The University of South Florida will host a commemorative celebration in honor of Martin Luther King, Jr. Check here for a schedule of events as well as some facts about the history of MLK Fountain.

TAMPA, Fla. (Jan. 15, 2015) - A weeklong commemorative celebration in honor of Martin Luther King, Jr. kicked off today at the University of South Florida. View a schedule of events here. Even though this week has a special emphasis on the civil rights leader's accomplishments, the MLK Plaza at USF's Tampa campus represents his legacy year-round.


1982: The Black Student Union and USF Student Government work together on dedicating the plaza to Dr. King.

1992: The original bust is made for and placed in the plaza.


1996: Artist L. Ackley-Eacker recasts the bust and adds shoulders. The bust is moved to its current location near the trellis walkway on Nov. 13. The granite details are added to the plaza. The project budget totaled $1.8 million.

1997: Final completion of MLK Plaza as we know it today.

2002: Bust vandalized by throwing it into the reflection pool.

2003: Another vandalism attempt, this time not as “successful” but USF officials took two months making it even stronger.

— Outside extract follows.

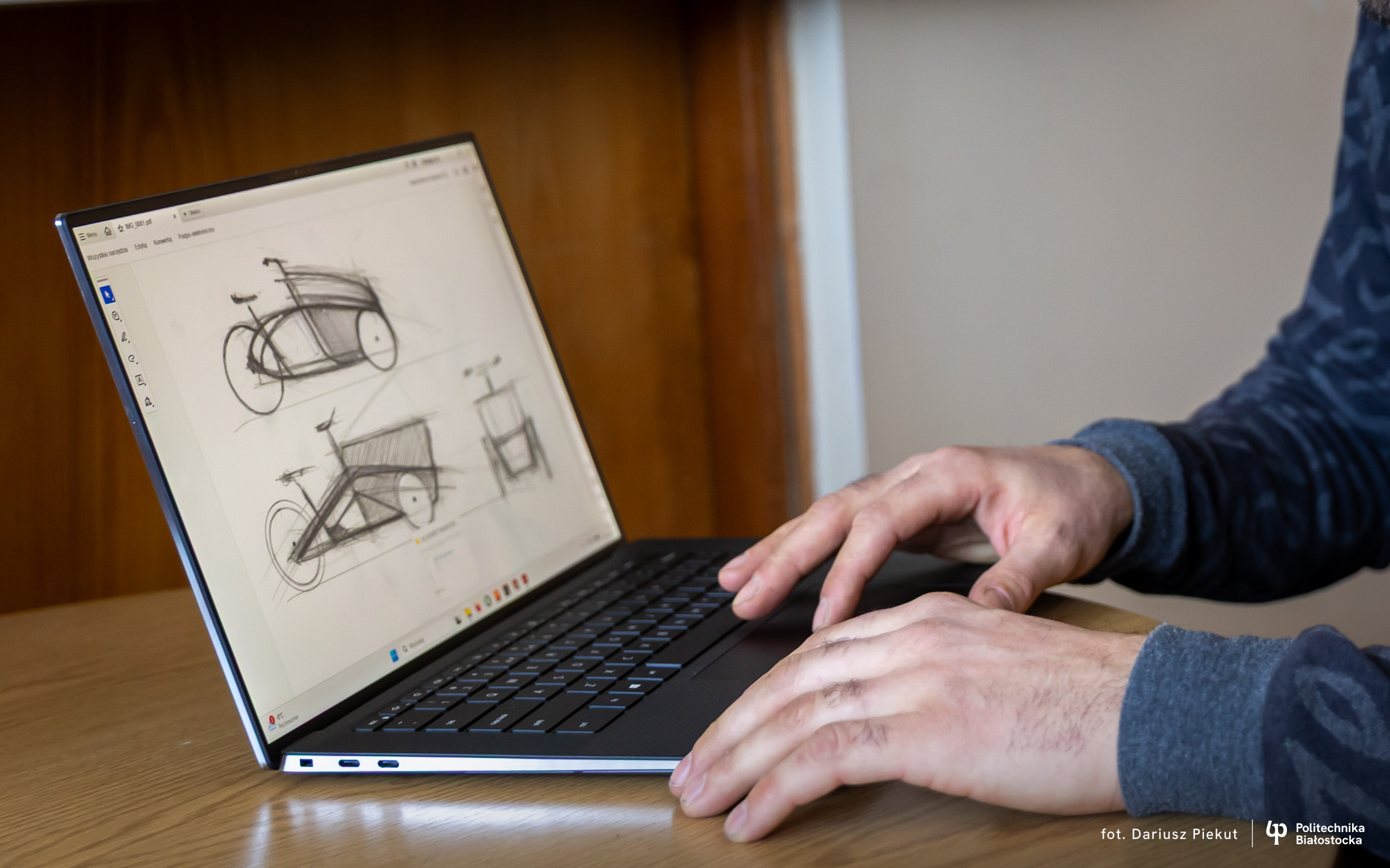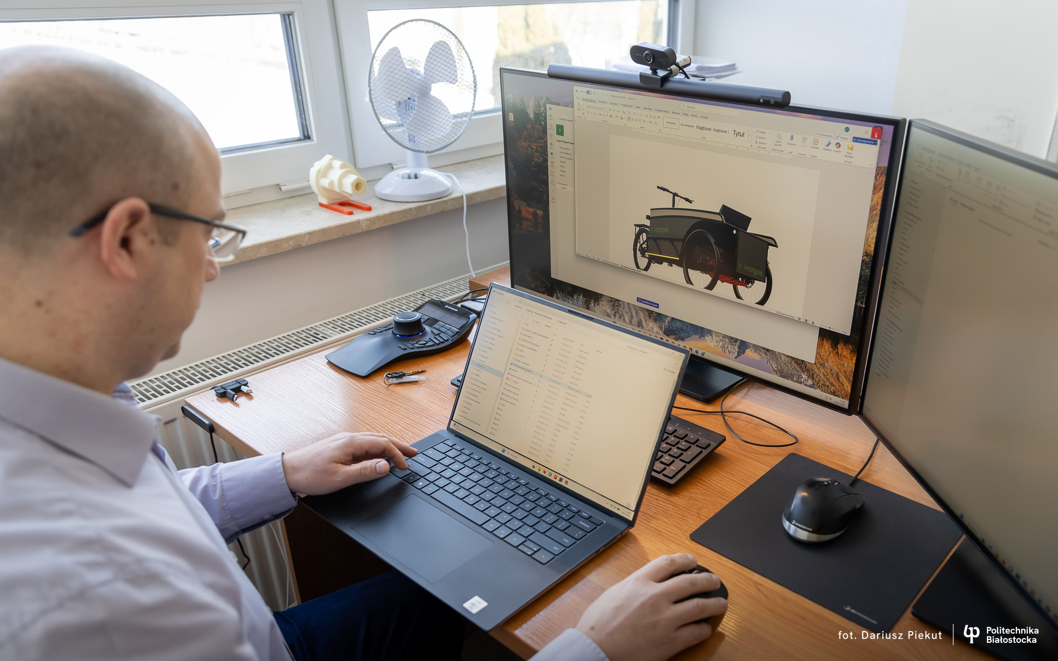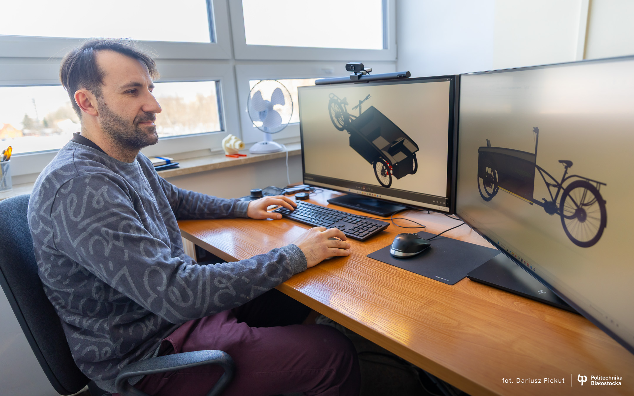 – Naszym zadaniem było przygotowanie projektu koncepcyjnego roweru typu cargo – opowiada dr hab. inż. Paweł Dzienis, adiunkt z Katedry Techniki Cieplnej Wydziału Mechanicznego Politechniki Białostockiej. – Największym wyzwaniem było zapewnienie dosyć małego promienia skrętu, żeby ten rower był zwrotny w warunkach miejskich. Stąd odpowiednio zostało przygotowane przednie zawieszenie tego roweru. A dzięki możliwości zmiany geometrii położenia kół, uzyskujemy w miarę optymalny promień skrętu.

The MLK bust, recast from its original head to include a neck and shoulders, is made out of bronze and stands at the exact height King stood.

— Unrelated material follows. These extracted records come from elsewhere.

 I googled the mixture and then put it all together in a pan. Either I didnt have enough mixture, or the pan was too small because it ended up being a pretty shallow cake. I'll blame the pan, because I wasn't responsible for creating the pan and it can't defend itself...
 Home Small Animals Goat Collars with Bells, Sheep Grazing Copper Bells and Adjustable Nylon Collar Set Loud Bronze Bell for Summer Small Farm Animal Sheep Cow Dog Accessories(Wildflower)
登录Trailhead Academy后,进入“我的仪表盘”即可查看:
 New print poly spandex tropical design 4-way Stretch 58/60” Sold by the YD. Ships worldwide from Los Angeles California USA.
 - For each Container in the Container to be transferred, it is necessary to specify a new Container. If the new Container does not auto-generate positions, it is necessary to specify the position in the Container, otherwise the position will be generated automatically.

Five stretches of granite cut through the concrete plaza, all originating from the base of the bust and heading toward Boston, Washington D.C., Atlanta, Montgomery and Memphis. All of these cities held significance for King and his mission to strengthen social equality.

On the other side of the reflection pond and fountain are the words of King’s “I Have a Dream” speech, engraved in granite panels.


Just as it was during the real man’s life, the MLK bust has faced some pretty bad days. In 2002 the bust was removed from its granite pedestal by a vandal and thrown into the reflecting pond. The fortunate aspect is that the bust wasn’t damaged and could be set back in place. Unfortunately, the following year someone tried to pry the bust off the granite, bending some of the supporting rods. They only managed to lift it about a quarter of an inch off the platform. But it still took two months to make the repairs.


The majority of the time, though, the bust remains unscathed. MLK Plaza serves as a common meeting place at USF, and the engravings of the speech emphasize the university’s dedication to diversity.


Some may question the direct connection that King has to USF. He actually came to speak in Tampa before he made his “I Have a Dream” speech or was named “Man of the Year” by Time. In 2011, his son Martin Luther King III came to USF to talk about his father’s legacy and the continuing evolution of social equality.